Start of PROVIDED RECORDS
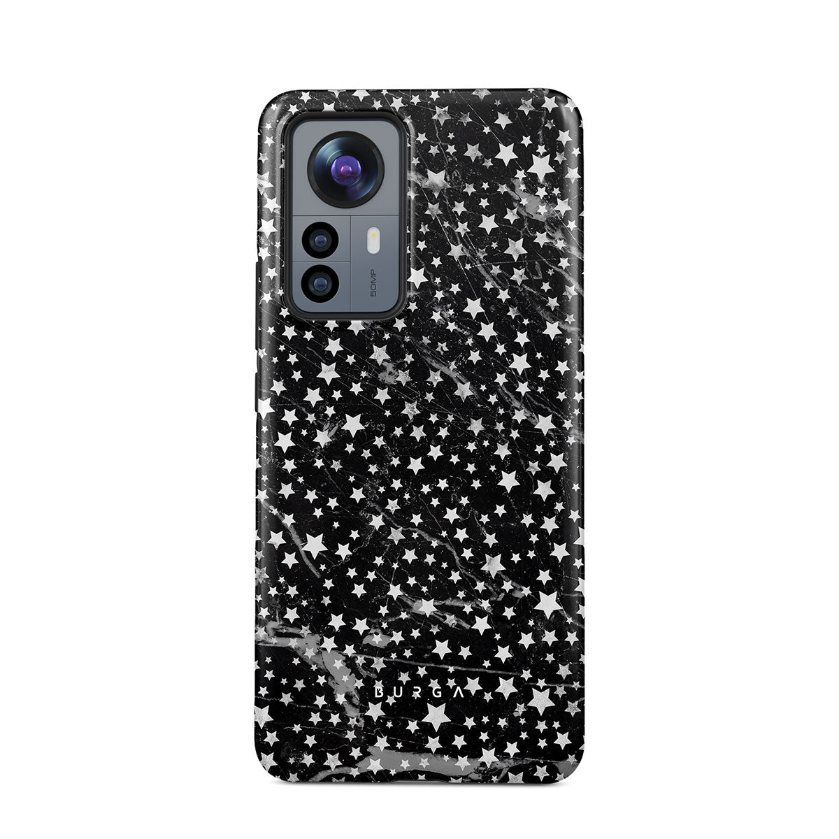 Xiaomi 12 phone case is inspired by the sky above us. Here the charming star pattern meets with a trendy black and white marble. Add the unique combination to your wardrobe and transform your protective phone case into a fashion accessory.
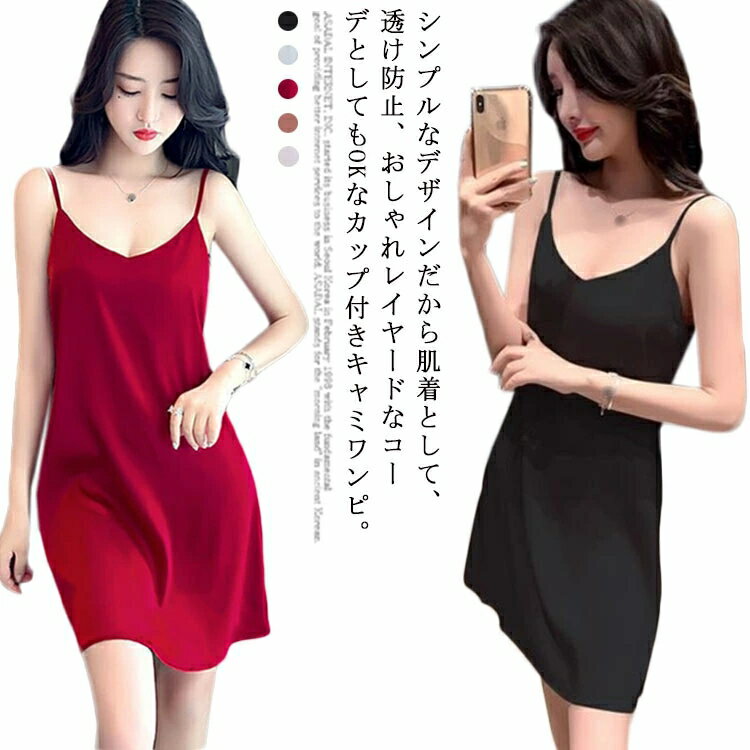 カップ付き スリップドレス インナーワンピ キャミソール ルームウェア 部屋着 インナー ワンピース 接触冷感 ペチコート ノースリーブ ショート丈 夏 M L XL
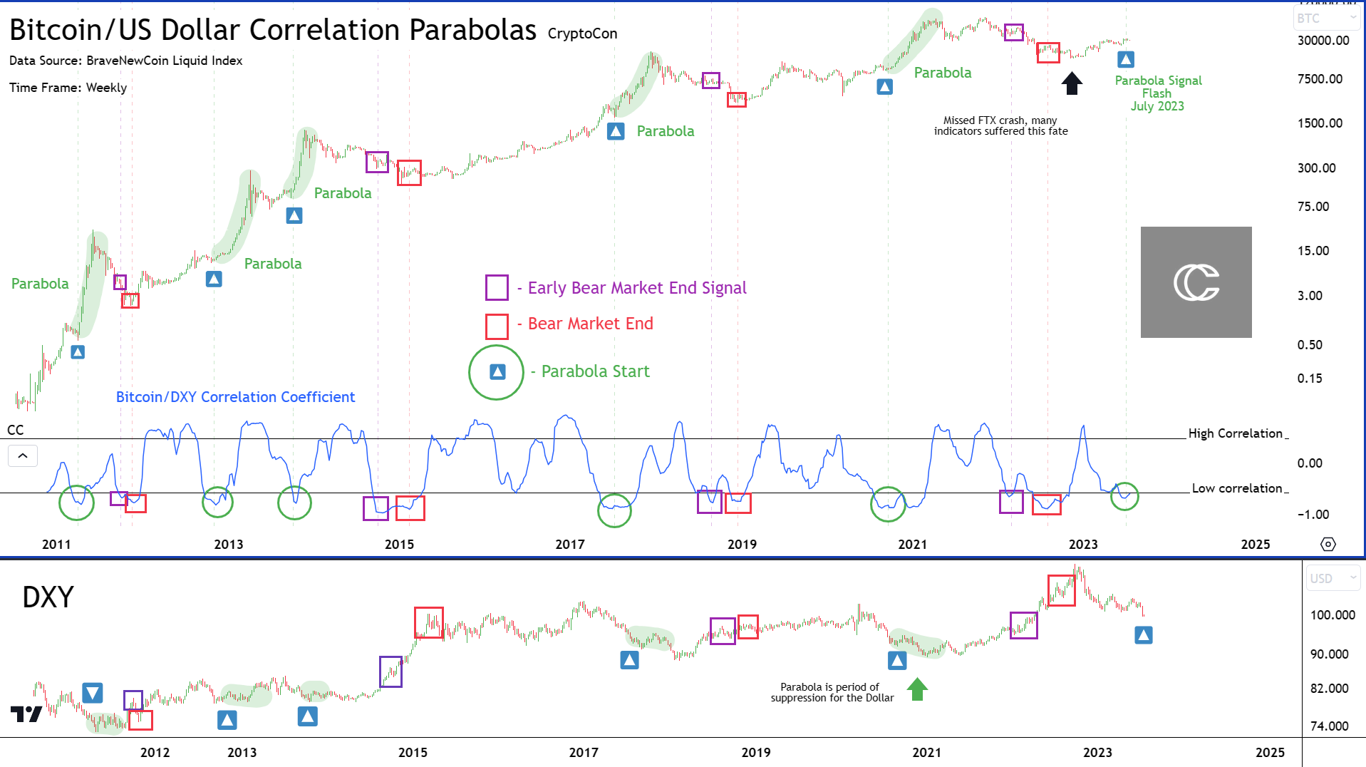 In a recent newsletter by renowned analyst CryptoCon, a groundbreaking indicator known as the “Bitcoin DXY correlation coefficient” has captured the attention of the community. This indicator, which measures the correlation between Bitcoin and the U.S. Dollar Index (DXY), has shown remarkable accuracy in predicting Bitcoin’s price movements and signaling the beginning of bull market parabolas.
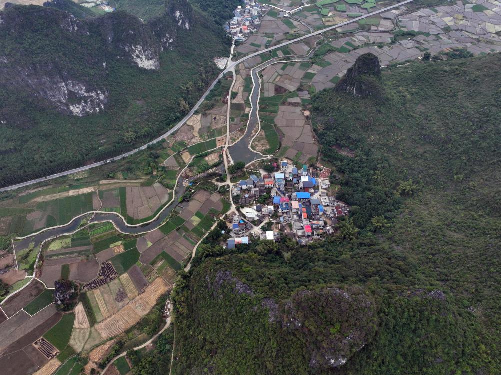 坐落在群山間的柳州市柳江區三都鎮覺山村(2025年3月20日攝)。
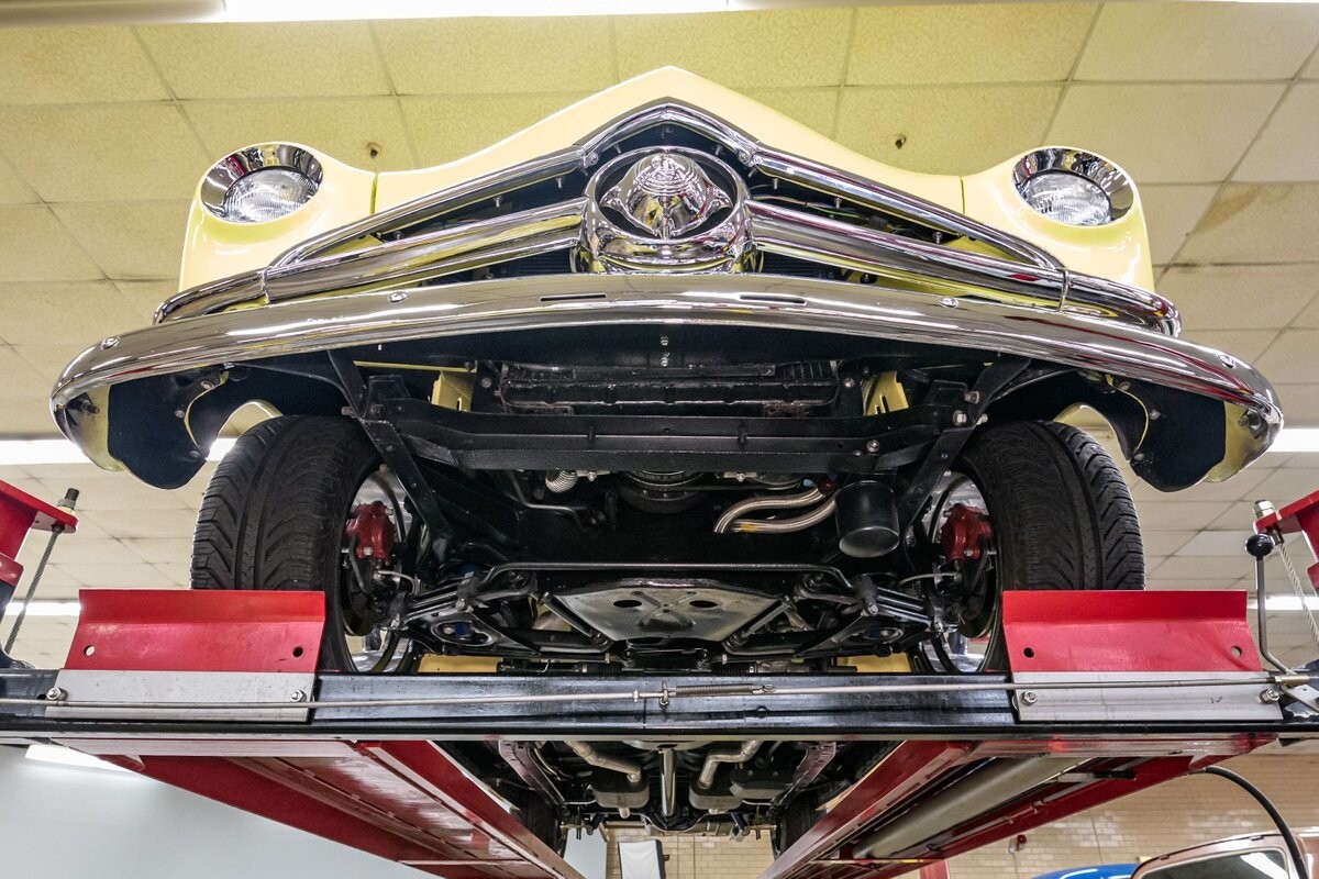 This stunning 1950 Ford Custom street rod has received a top-shelf restoration that includes a broad range of mechanical enhancements. Its custom yellow finish is accented by 18" Foose chrome alloys that mount Michelin Pilot Sport performance radials. The smart Brown/Cream leather is as well-designed as it is stunning. Features include A/C, comfortable bucket seats, center console, Lokar billet shifter, tilt-Grant wheel and power trunk release. The updated dash incorporates a Haneline V-2 'vintage-look' gauge cluster and sounds are furnished by a Sony AM/FM/CD sound system. The trunk has also been beautifully finished out in leather upholstery.
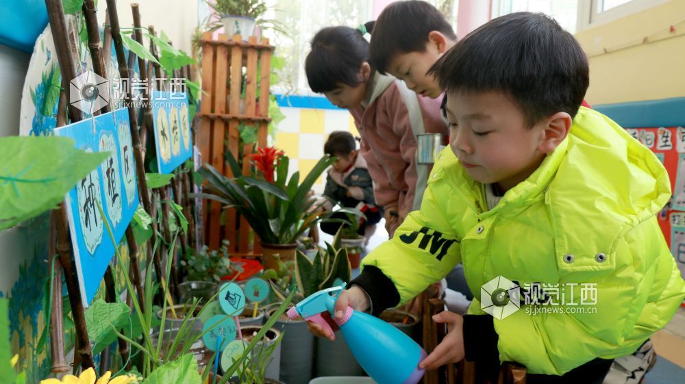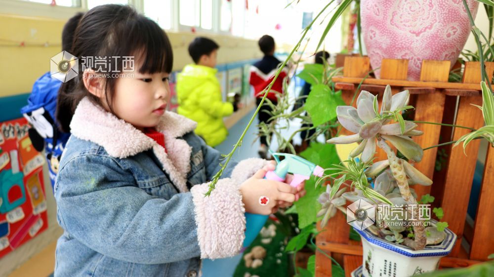 幼儿园的植物角是促进幼儿观察力发展、增长和丰富知识的途径之一,为落实科学发展观,培养幼儿“主人翁”意识,金溪县保育院结合各年龄段幼儿发展的特点,将植物角进行科学合理的划分。同时,引导幼儿收集各种废旧小瓶、小盒、绳子等制作喷壶、小铲、花盆;安排“小小值日生”定期给植物浇水、施肥、设计摆放位置,在幼儿积极参与的同时,培养幼儿的环保意识、观察力及动手能力,从而激发幼儿探索自然奥秘的兴趣和从生活中发现美的能力。
End of PROVIDED RECORDS
Pictures excluded, repeat the records exactly from their opening line through the line containing "カップ付き スリップドレス インナーワンピ".

 Xiaomi 12 phone case is inspired by the sky above us. Here the charming star pattern meets with a trendy black and white marble. Add the unique combination to your wardrobe and transform your protective phone case into a fashion accessory.
 カップ付き スリップドレス インナーワンピ キャミソール ルームウェア 部屋着 インナー ワンピース 接触冷感 ペチコート ノースリーブ ショート丈 夏 M L XL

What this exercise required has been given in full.